ASSIGNMENT → The reply must contain exactly the lines below from the one with "and off-white 100%" down to the one with "Ejercicios del parcial", both included, and nothing more; please omit the pictures.

EXERCISE MATERIAL →
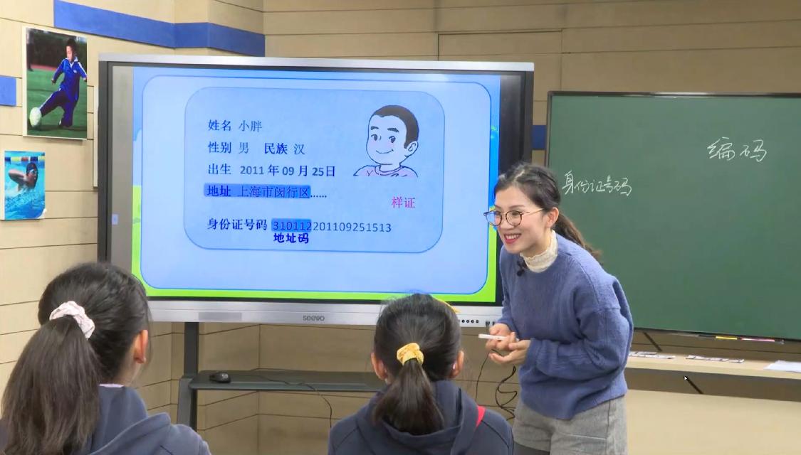 活动首先为观课环节,来自闵行区实验小学的朱黛禕老师执教了一节五年级数学课《编码》。这是一节小组课,由1名随班生,2名学困生,1位助学伙伴组成。本节课的内容,相对其他数学知识点更贴近学生的生活实际,学生也比较感兴趣。朱老师针对随班就读学生和学困生的学业评估情况,在课堂上采取了针对性的教学策略,如:自制小视频解读身份证编码规则以便于学生理解;选用学生自己的身份证来探究更贴近学生实际;运用板书强化学生认知;分层作业设计帮助学生有效巩固新知等,多样的教学方式帮助学生更好地参与到学习中。
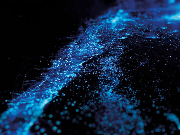 这种“蓝色眼泪”是由一种特殊藻类形成的。在它活动的时候,蓝色发光的景象将照亮该地区,并把海水变成霓虹灯蓝色,并冲上海岸。
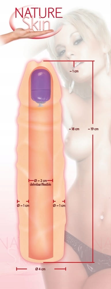 Poznaj najnowsze osiągnięcie naukowców - Naturskin, która jest bardziej naturalna niż prawdziwa ludzka skóra ! Materiał tak delikatny i "żywy" jakiego dotąd nie było. Super realistyczna nakładka na penisa w kolorze cielistym marki Nature Skin wykonana z wyjątkowego materiału, który doskonale imituje jędrną, miękką ludzką skórę ( TPR ). Odkryj niesamowicie naturalne doznania, jakie niesie gorąca zabawa z tym gadżetem. Ta nakładka jest niesamowita, ponieważ oprócz tego, że ma wyraźnie wyczuwalne wypukłości i żyły, tak jak na prawdziwym członku, to dodatkowo wewnątrz tunelu znajdują się stymulujące, dające dodatkową przyjemność dla Ciebie rowki. Wewnątrz nakładki, na jej końcu znajduje się wyjmowany pocisk wibrujący. Mini wibrator sterowany jest dotykiem - zaczyna działać w tym momencie, gdy Twoje prącie zaczyna naciskać na niego. NATURE SKIN jest to niezwykle realistyczny materiał, który posiada jednocześnie dwie właściwości. Z zewnątrz jest miękki i delikatny, tak iż zamykając oczy i dotykając go, trudno oprzeć się wrażeniu, iż dotyka się prawdziwej, jędrnej i delikatnej ludzkiej skóry. Z drugiej strony, wnętrze materiału jest odpowiednio sztywne i twarde. Z NATURE SKIN wykonane są jedynie nieliczne akcesoria erotyczne. W przypadku produktów wykonanych w technologii Nature Skin należy pamiętać, aby każdorazowo po użyciu, umyć zabawkę, osuszyć, a następnie oprószyć delikatnie talkiem do konserwacji cyberskóry.
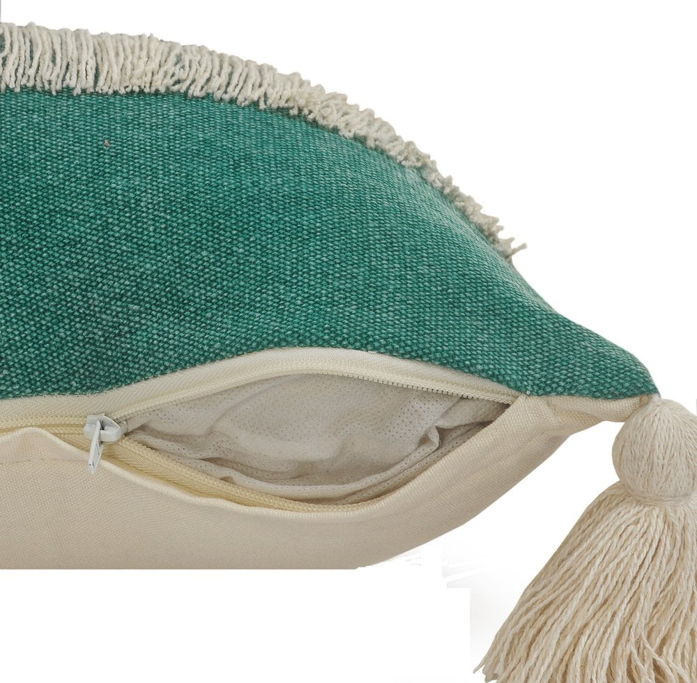 This 14" x 36" emerald green and off-white 100% cotton zippered pillow will add a beautiful decorative accent to your decor. This emerald green and off-white colored decorative pillow is made from high grade 100% cotton that makes it super soft to the touch and long lasting. Great to use on its own or mix with other decorations for the perfect look. Decorative pillows are a great way to change up the look and feel of your space easily and quickly. 14" H x 14" W x 36" D
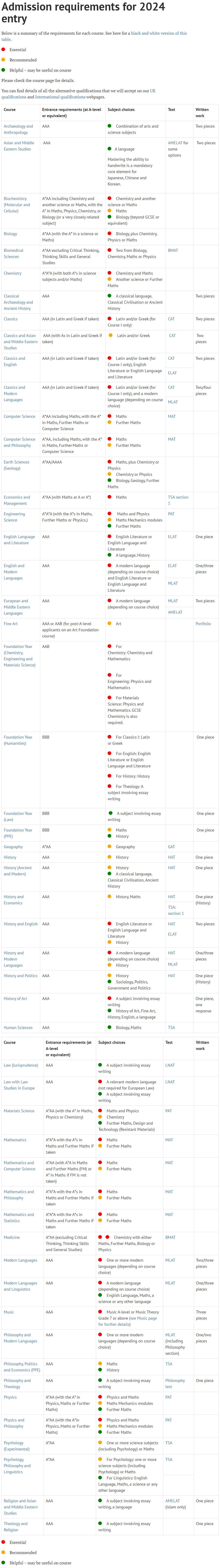 专业选课要求,也需要以具体课程页面查询为准,牛津还给出了一份总的名单,按照重要等级红色(必选)、黄色(推荐)、绿色(有帮助)来给出选课建议。
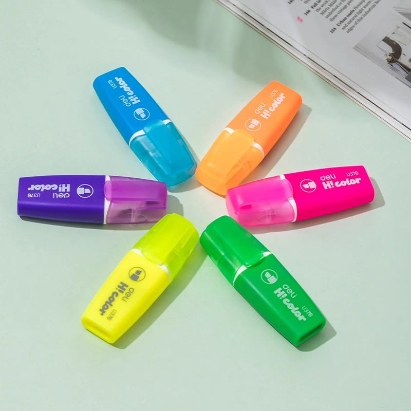Набор текстовыделителей Deli EU376 скошенный пиш. наконечник 1-5мм флуоросцентный 6цв. ассорти пластиковая коробка (6шт.)
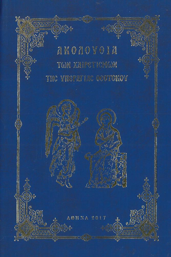 Η ακολουθία των Χαιρετισμών της Υπεραγίας Θεοτόκου σε πολυτελή έγχρωμη και διακοσμημένη με βυζαντινά διακοσμητικά έκδοση με δερματόδετο εξώφυλλο και χρυσοτυπία.
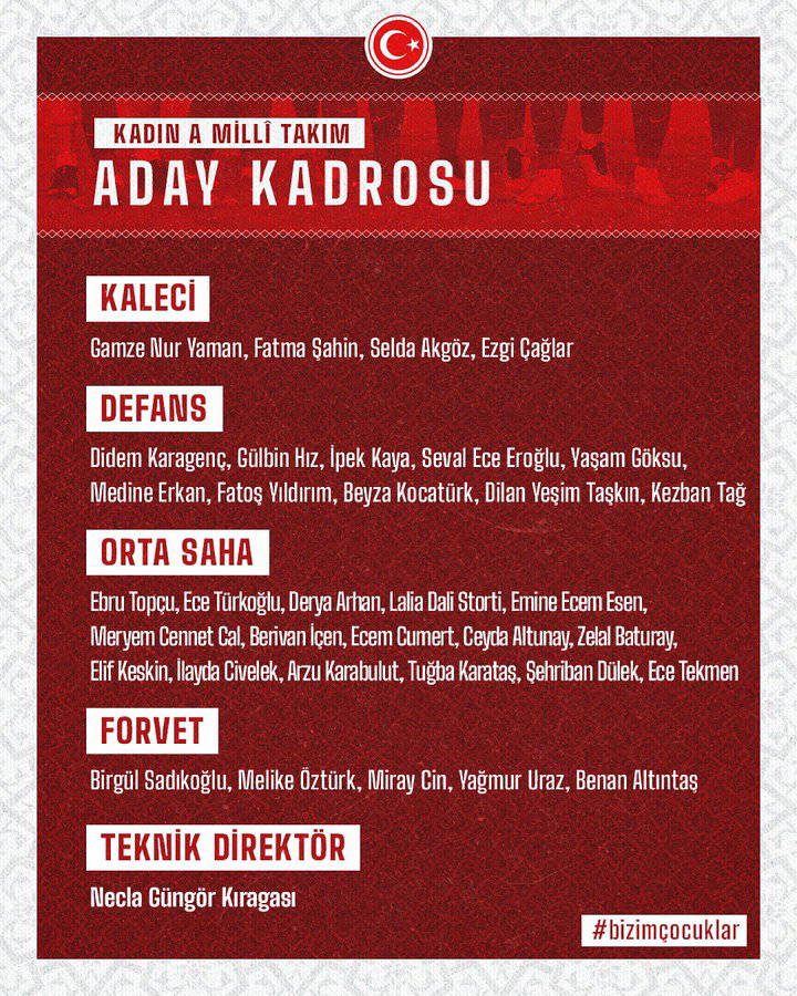 Kadın A Milli Takımı’nın 14 Haziran 2021 tarihinde İstanbul’da Bulgaristan ile oynayacağı hazırlık müsabakasının aday kadrosu açıklandı. İşte kadro:
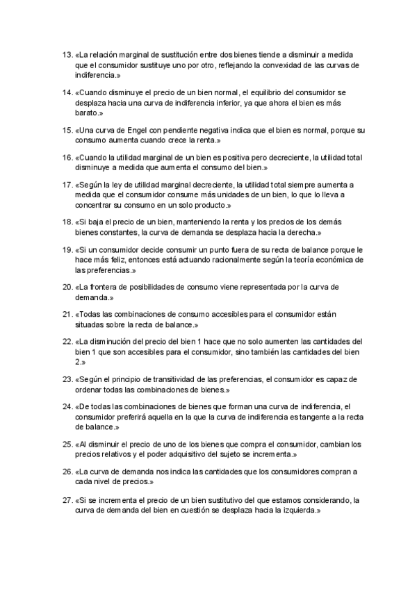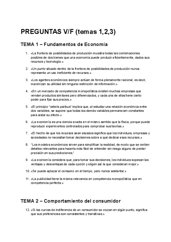 Ejercicios del parcial de Fundamentos de la Economía de VERDADERO o FALSO. Las respuestas y justificaciones están al final del documento.
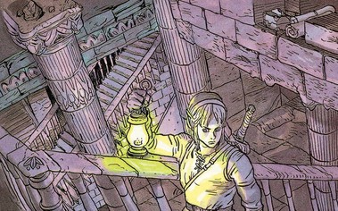Sources: Scanned and contributed by Daniela, from the Official Link's Awakening German Player's Guide! Notes: A beautiful image of Link warily walking up some steps with a lantern. Done in the same style as the Japanese art also in the US players guides. I'm happy to see there is so much more out there.

ANSWER TO THE EXERCISE →
 This 14" x 36" emerald green and off-white 100% cotton zippered pillow will add a beautiful decorative accent to your decor. This emerald green and off-white colored decorative pillow is made from high grade 100% cotton that makes it super soft to the touch and long lasting. Great to use on its own or mix with other decorations for the perfect look. Decorative pillows are a great way to change up the look and feel of your space easily and quickly. 14" H x 14" W x 36" D
 专业选课要求,也需要以具体课程页面查询为准,牛津还给出了一份总的名单,按照重要等级红色(必选)、黄色(推荐)、绿色(有帮助)来给出选课建议。
Набор текстовыделителей Deli EU376 скошенный пиш. наконечник 1-5мм флуоросцентный 6цв. ассорти пластиковая коробка (6шт.)
 Η ακολουθία των Χαιρετισμών της Υπεραγίας Θεοτόκου σε πολυτελή έγχρωμη και διακοσμημένη με βυζαντινά διακοσμητικά έκδοση με δερματόδετο εξώφυλλο και χρυσοτυπία.
 Kadın A Milli Takımı’nın 14 Haziran 2021 tarihinde İstanbul’da Bulgaristan ile oynayacağı hazırlık müsabakasının aday kadrosu açıklandı. İşte kadro:
 Ejercicios del parcial de Fundamentos de la Economía de VERDADERO o FALSO. Las respuestas y justificaciones están al final del documento.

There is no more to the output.